▽

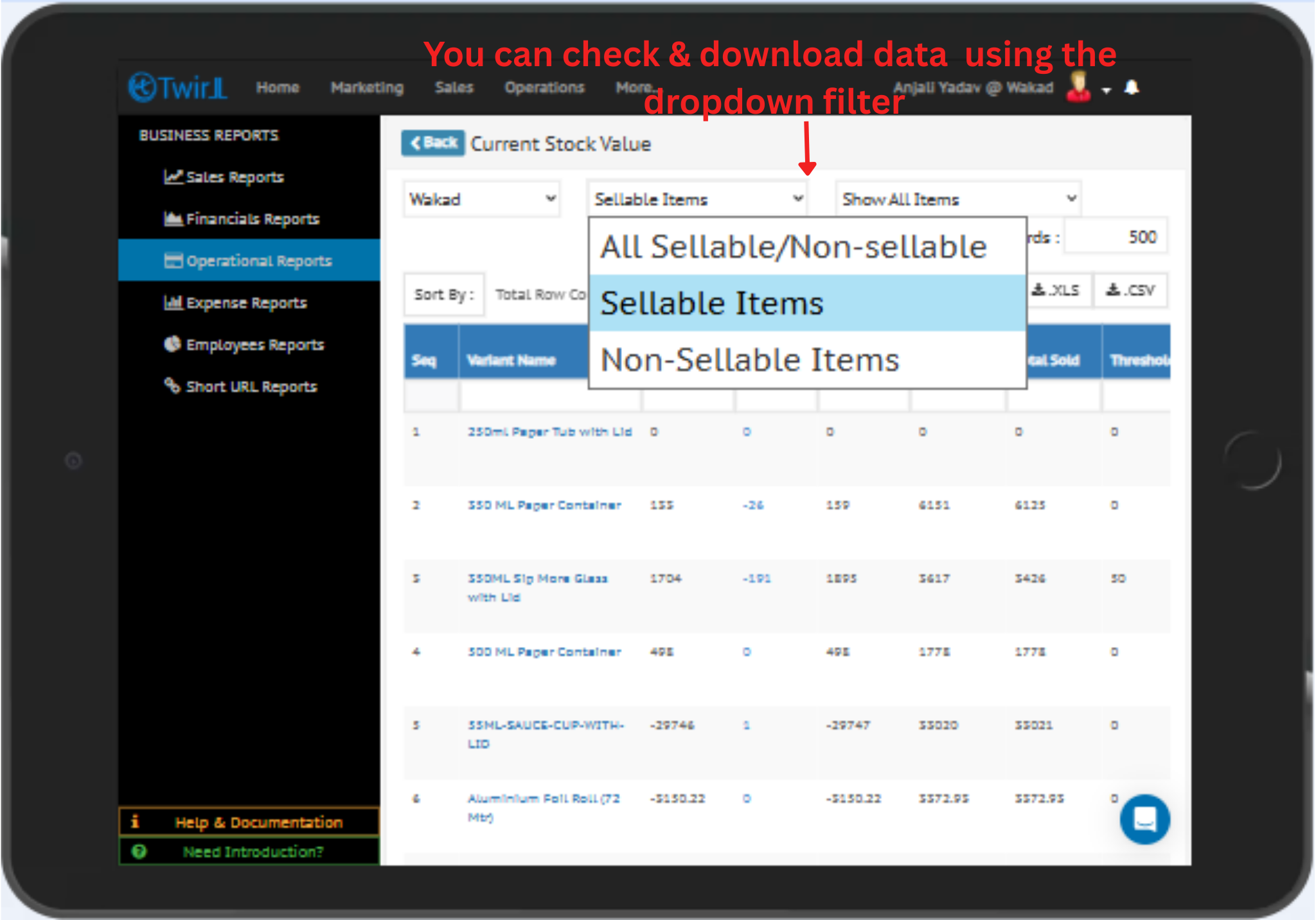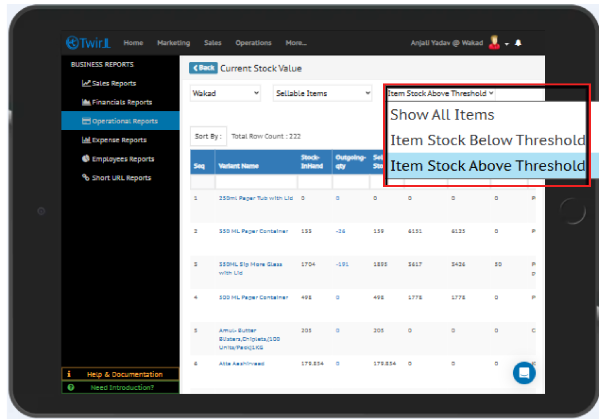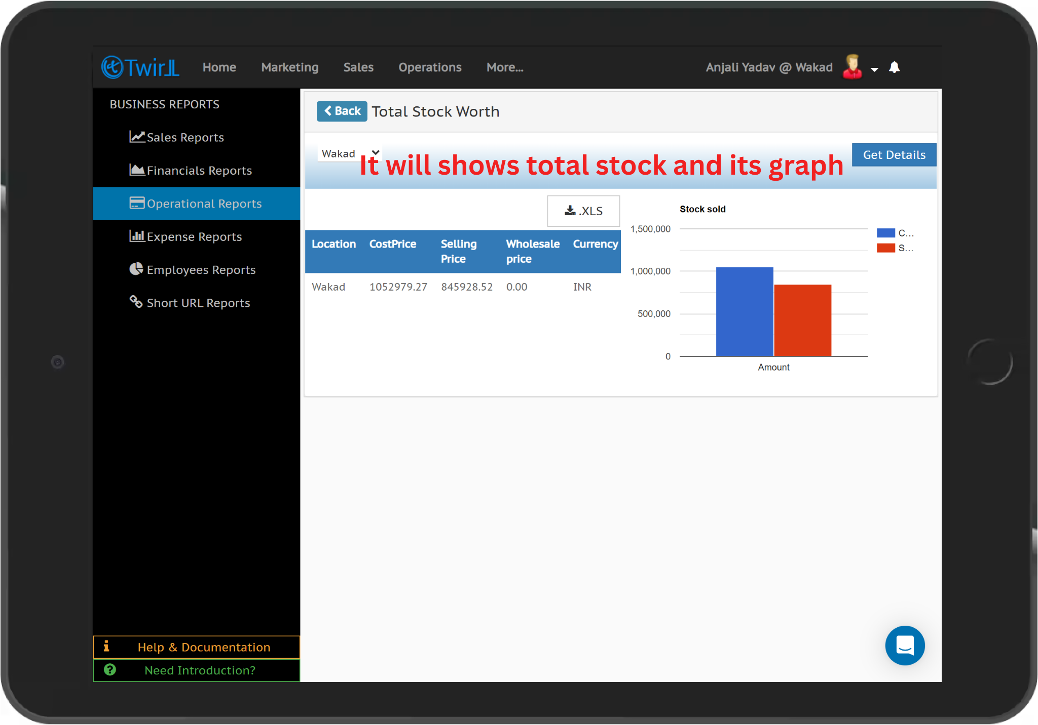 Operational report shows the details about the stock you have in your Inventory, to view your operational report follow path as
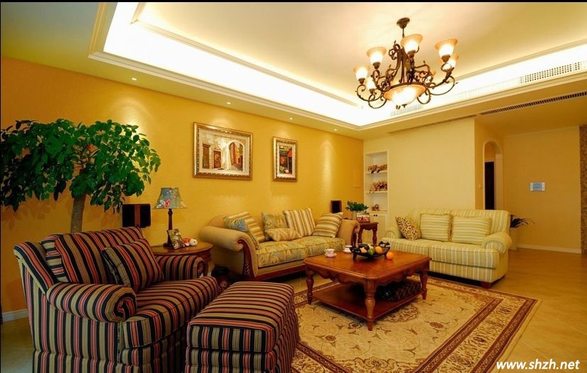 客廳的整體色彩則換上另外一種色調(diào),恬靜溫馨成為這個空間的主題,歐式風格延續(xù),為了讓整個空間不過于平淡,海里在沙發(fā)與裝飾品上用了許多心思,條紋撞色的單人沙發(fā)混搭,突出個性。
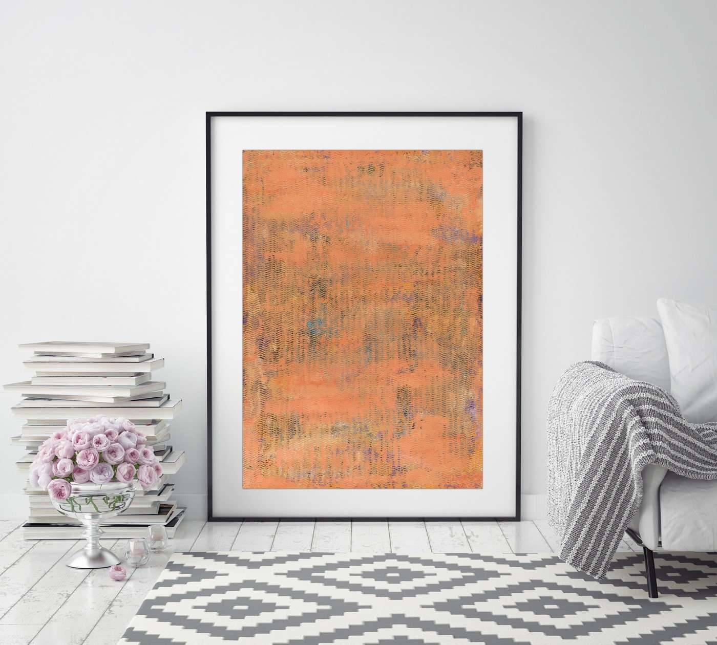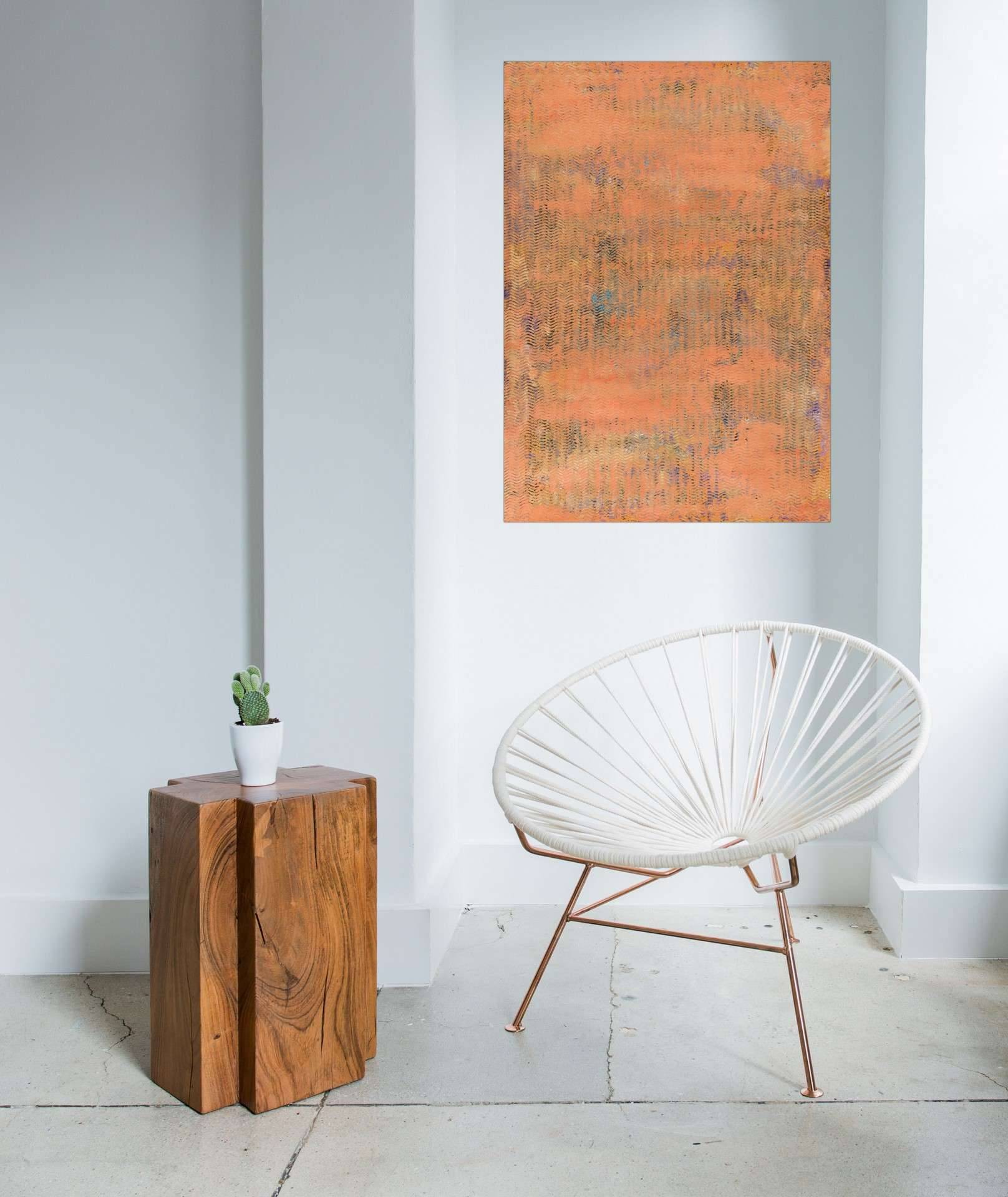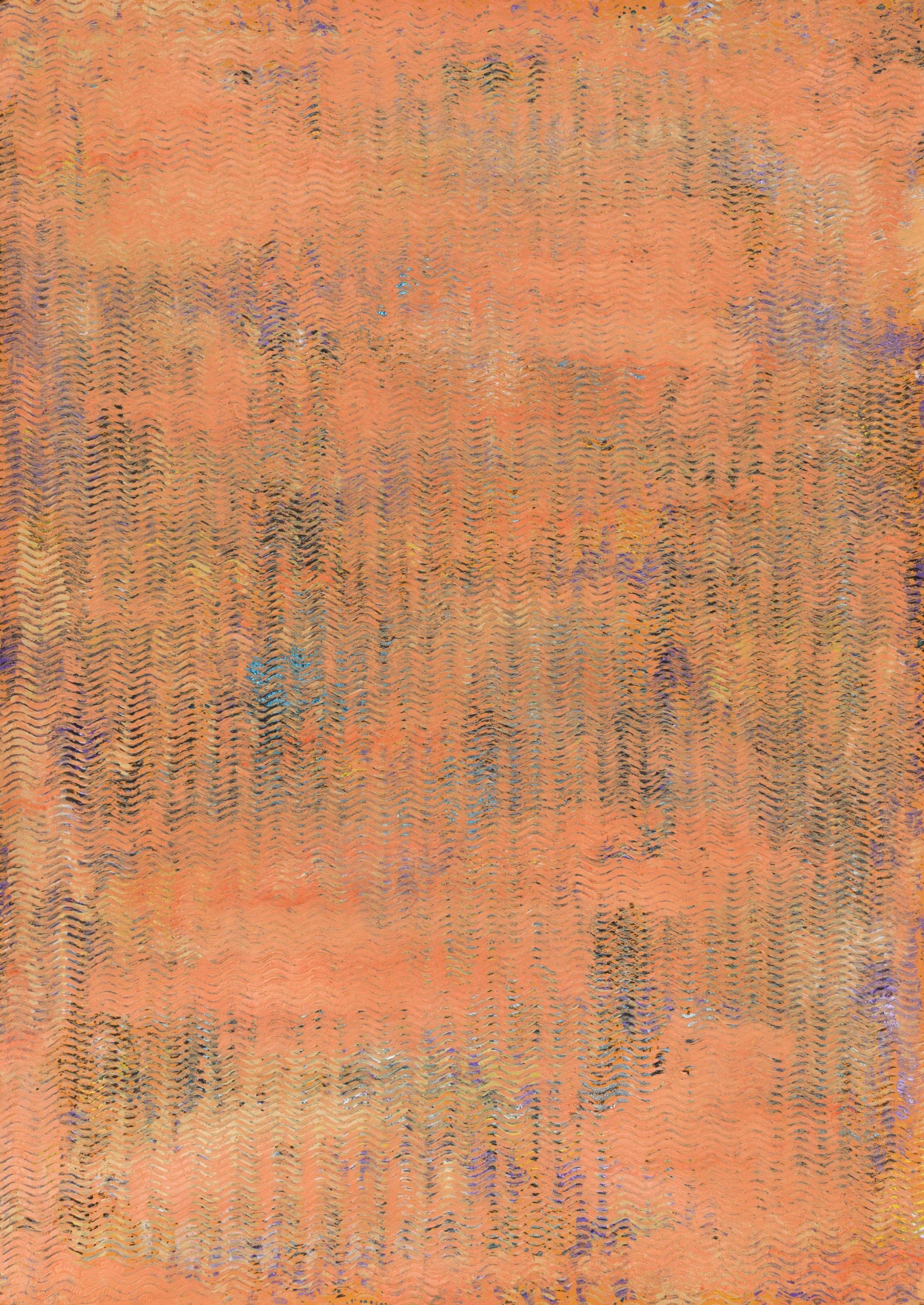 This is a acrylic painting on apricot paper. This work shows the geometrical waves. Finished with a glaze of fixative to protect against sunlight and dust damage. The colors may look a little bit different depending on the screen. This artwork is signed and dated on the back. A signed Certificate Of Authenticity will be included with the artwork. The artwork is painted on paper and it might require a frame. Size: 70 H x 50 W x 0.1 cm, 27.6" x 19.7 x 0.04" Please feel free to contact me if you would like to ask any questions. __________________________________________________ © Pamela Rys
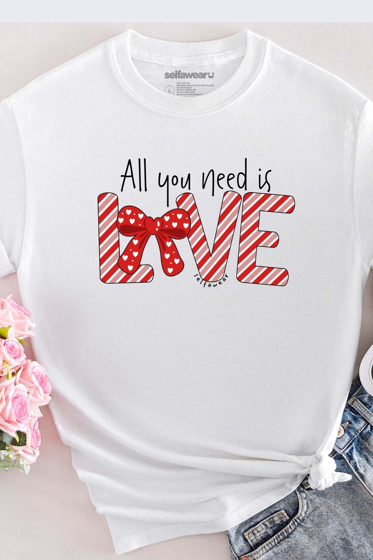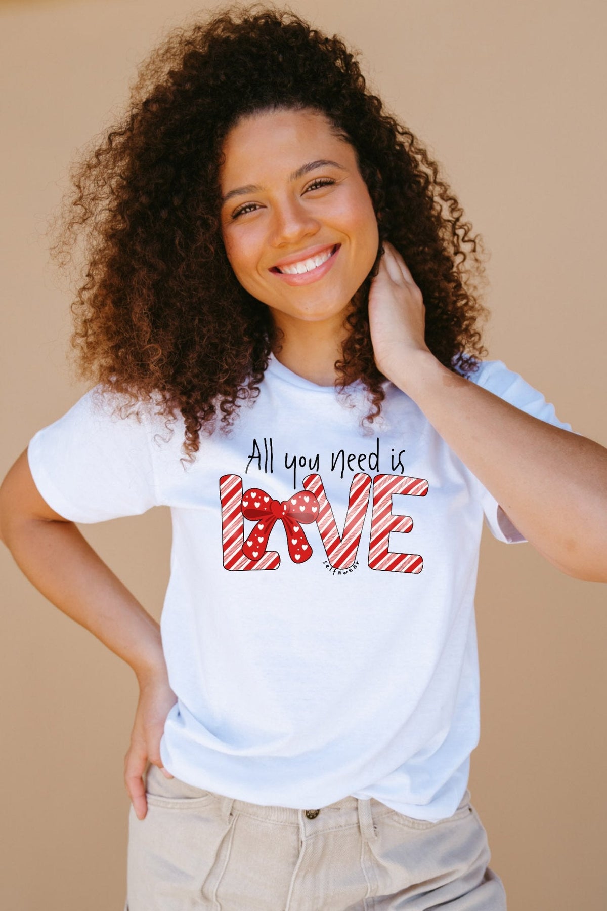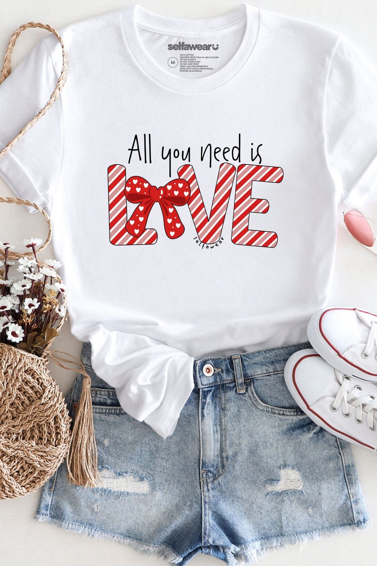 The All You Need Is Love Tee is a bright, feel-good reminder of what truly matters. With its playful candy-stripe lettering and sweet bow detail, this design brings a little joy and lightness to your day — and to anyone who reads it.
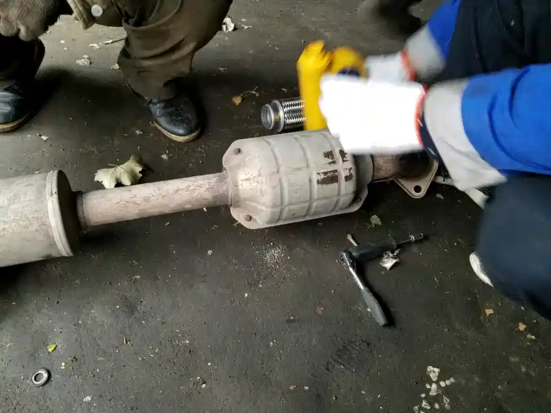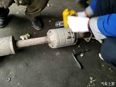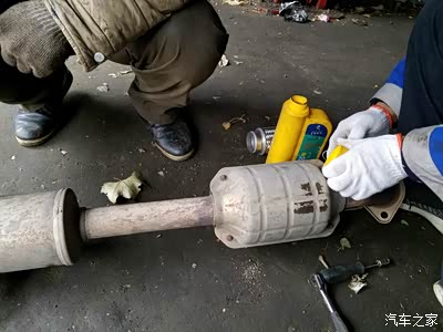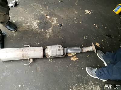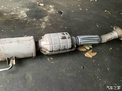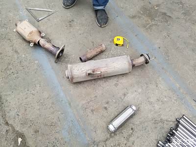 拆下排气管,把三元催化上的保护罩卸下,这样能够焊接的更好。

△

▸ **Problem description**
Each line of the data is to be duplicated exactly; pictures stay out of the copy.

▸ **Result of the exercise**
 Operational report shows the details about the stock you have in your Inventory, to view your operational report follow path as
 客廳的整體色彩則換上另外一種色調(diào),恬靜溫馨成為這個空間的主題,歐式風格延續(xù),為了讓整個空間不過于平淡,海里在沙發(fā)與裝飾品上用了許多心思,條紋撞色的單人沙發(fā)混搭,突出個性。
 This is a acrylic painting on apricot paper. This work shows the geometrical waves. Finished with a glaze of fixative to protect against sunlight and dust damage. The colors may look a little bit different depending on the screen. This artwork is signed and dated on the back. A signed Certificate Of Authenticity will be included with the artwork. The artwork is painted on paper and it might require a frame. Size: 70 H x 50 W x 0.1 cm, 27.6" x 19.7 x 0.04" Please feel free to contact me if you would like to ask any questions. __________________________________________________ © Pamela Rys
 The All You Need Is Love Tee is a bright, feel-good reminder of what truly matters. With its playful candy-stripe lettering and sweet bow detail, this design brings a little joy and lightness to your day — and to anyone who reads it.
 拆下排气管,把三元催化上的保护罩卸下,这样能够焊接的更好。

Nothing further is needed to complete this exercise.